Indu Mitha has championed the classical performance art of bharatanatyam as a teacher to thousands of students across Pakistan, and a supportive mother to Tehreema Mitha, who is the torchbearer of her school. With each passing decade, their contribution to the Pakistani classical art has further deepened our understanding and expanded our compassion.
Originally from Lahore, Indu Mitha trained in the traditional dance form in Delhi and Madras. She completed her MA in philosophy from Delhi University in 1951. Her late husband, Maj Gen A.O. Mitha, celebrated her talent and encouraged her to perform, teach, and practice.
This bharatnatyam tradition has been difficult to establish in Pakistan, as many have tried to disassociate themselves from its origins. The dance form dates back 2,000 years.

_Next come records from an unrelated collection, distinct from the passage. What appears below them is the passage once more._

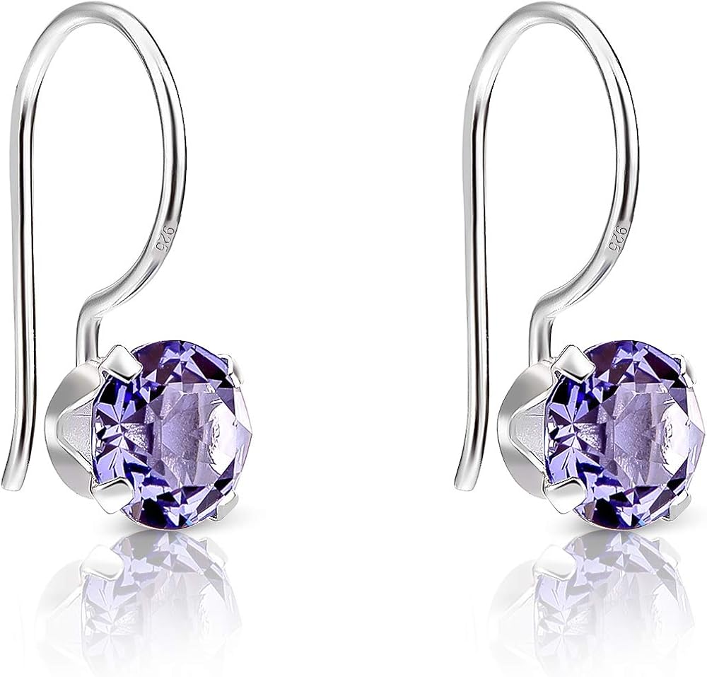 DTPsilver 925 Sterling Silver SMALL/MEDIUM Round Fixed Hook Earrings made with Crystals from Swarovski Elements - Diameter: 6 mm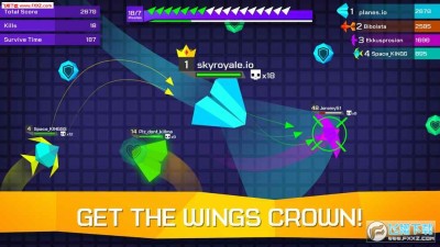天空ROYALE.IO游戏与简单的控制!瞄准和发送你的导弹与一个按钮点击其他战争飞机摧毁它们。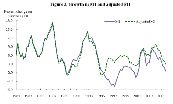A different means through which financial innovation affects M1 behavior has proved to be much more significant in practice. The innovation that banks have favored has not made M1 deposits more attractive vehicles, but rather made it easier to shift between M1 deposits and interest-bearing deposits that are outside M1 but included in M2. "Sweeps" programs allow routine transfers, at the banks' initiative, between M1 deposits and non-M1 deposits. An embryonic version of this arrangement developed during the 1970s in the form of automatic transfer services (ATS) (see Hafer, 1980), but extensive adoption of retail sweep deposit programs on the part of banks did not take effect until January 1994 (Anderson, 2003). The arrangement is attractive to depositors because of the better returns on non-M1 M2 deposits, and appeals to banks as a means of avoiding the more onerous reserve requirement on M1 deposits. The resulting portfolio behavior is believed to have created variations in M1 that have little macroeconomic meaning, with Anderson (2003, p. 1) arguing, "Retail-deposit sweep programs are only accounting changes: they do not affect the amounts of transaction deposits that banks' customers perceive themselves to own." (Italics in original.) A series of studies (including Jones, Dutkosky, and Elger, 2005, and Cynamon, Dutkowsky, and Jones, 2006; and Dutkowsky, Cynamon, and Jones, 2006) has attempted to correct the U.S. monetary aggregates for the effect of the sweep program. Figure 3 plots growth in M1 against growth in an adjusted M1 series. The deposits component of this adjusted series, following Ireland (2009), is based on replacing M1 deposits after 1993 with the Cynamon-Dutkowsky-Jones M1 deposit series that corrects for sweeps. In addition, the adjusted series used in Figure 3 subtracts Federal Reserve Board estimates (available from 1964 onward) of U.S. currency held abroad, as reported in the flow of funds. We see from Figure 3 that these adjustments, on balance, lead to a more moderate decline in M1 growth during the late 1990s.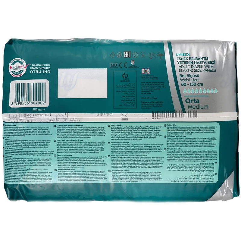پوشک را باز کنید و با اطمینان از اینکه لبه های میانی و ضد نشت به سمت داخل تا شده، به آرامی زیر فرد قرار دهید.قسمت جلوی پوشک را از بین پاها رد کرده و بالا بیاورید.با توجه به اندازه کمر شخص دو طرف پوشک را کشیده و طوری قرار دهید که شخص راحت باشد و سپس پوشک را ببندید.با بررسی تغییر رنگ نشانگر رطوبت، می توانید زمان تعویض و میزان رطوبت پوشک را متوجه شوید.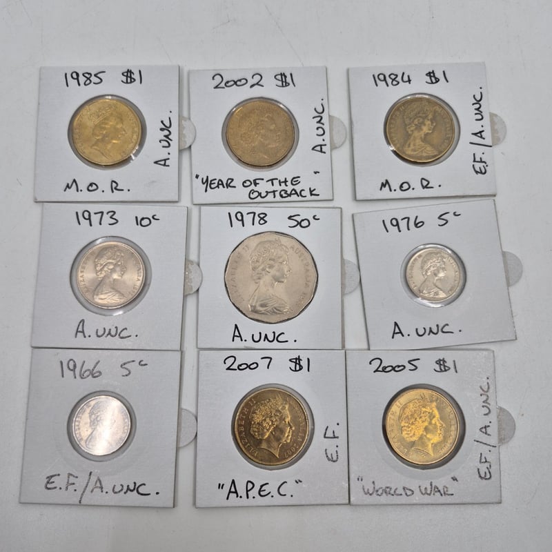 ASSORTED AUSTRALIAN COINS INCLUDING 1966 5C, 1973 10C, 1984 $1 AND MORE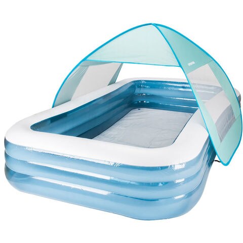 プール遊びの日差し対策.組立簡単、コンパクト収納可能.側面メッシュで視認性アップ.プールの幅に合わせてサイズ調整可能なバックルタイプ.キャリーバッグ付.
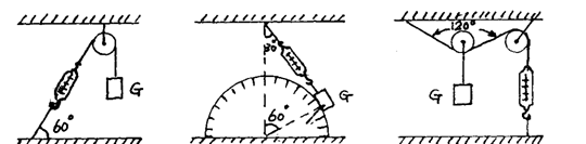 18.图中弹簧秤、绳和滑轮的质量均忽略不计,物体质量都是m,在①②③三种情况下,弹簧秤的读数分别是F1、F2、F3,则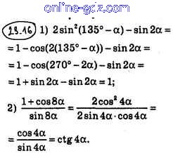 Готовые домашние задания по Алгебре за 10 класс Учебник Мерзляк, Номировский Алгоритм успеха Базовый уровень 2022 - §23. Формулы двойного и половинного углов 23.16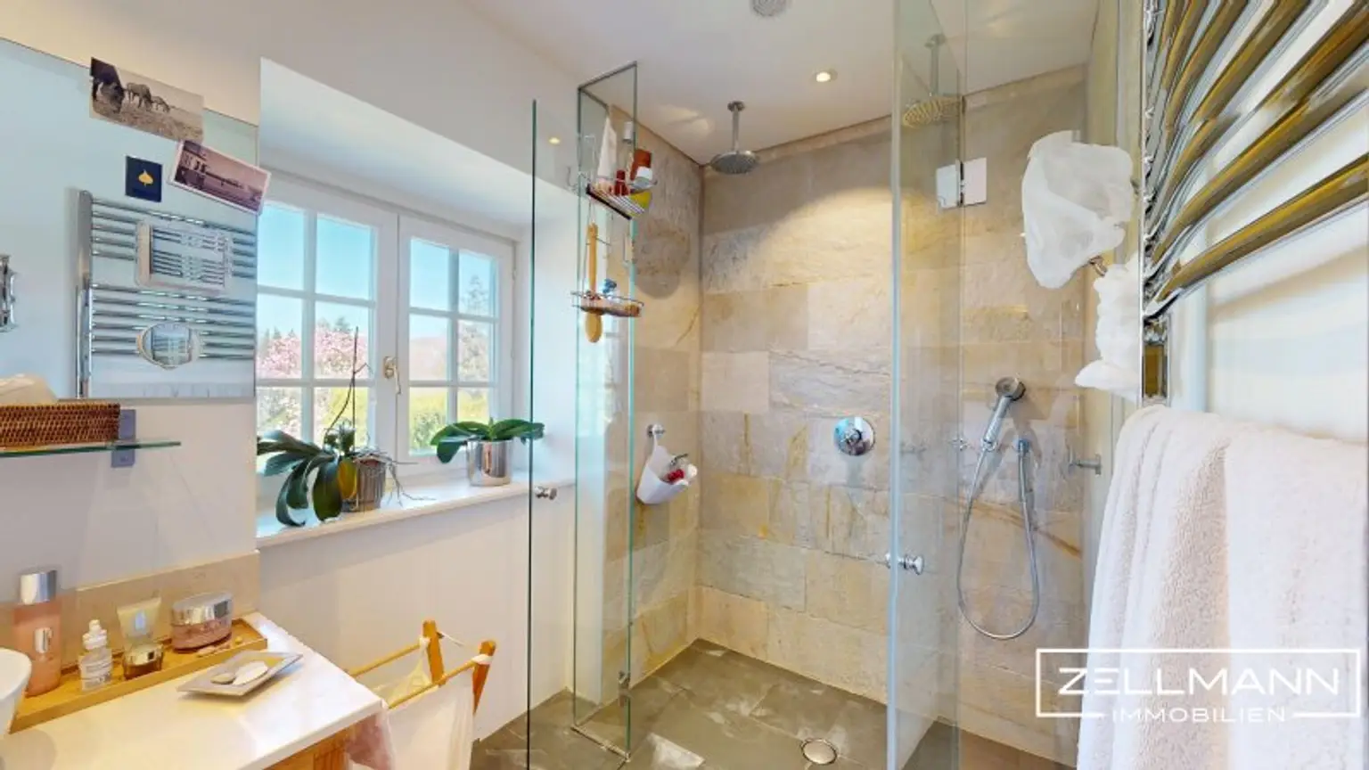 * Naturstein und hochwertige Fliesen in den Nassräumen

Indu Mitha’s tenacity and passion for keeping the tradition of classical dance alive in Pakistan shows the respect for cultural heritage. A recent documentary was released which captured Indu Mitha’s last performance.
In the documentary Indu shared her experience as a classical dance teacher She said that teaching had been a force of change and progress in society. She encouraged her students to go beyond tradition and find their own paths so that dance may live forever.
Indu is one of the few gems we are left with in our country. She has been resilient. During the Zia period and worked with the Women Action Forum for many years. Despite all the hardships she didn’t lose hope. Indu has given 40 years of her life to classical dance culture of Pakistan and in return we have given her almost no spotlight and recognition.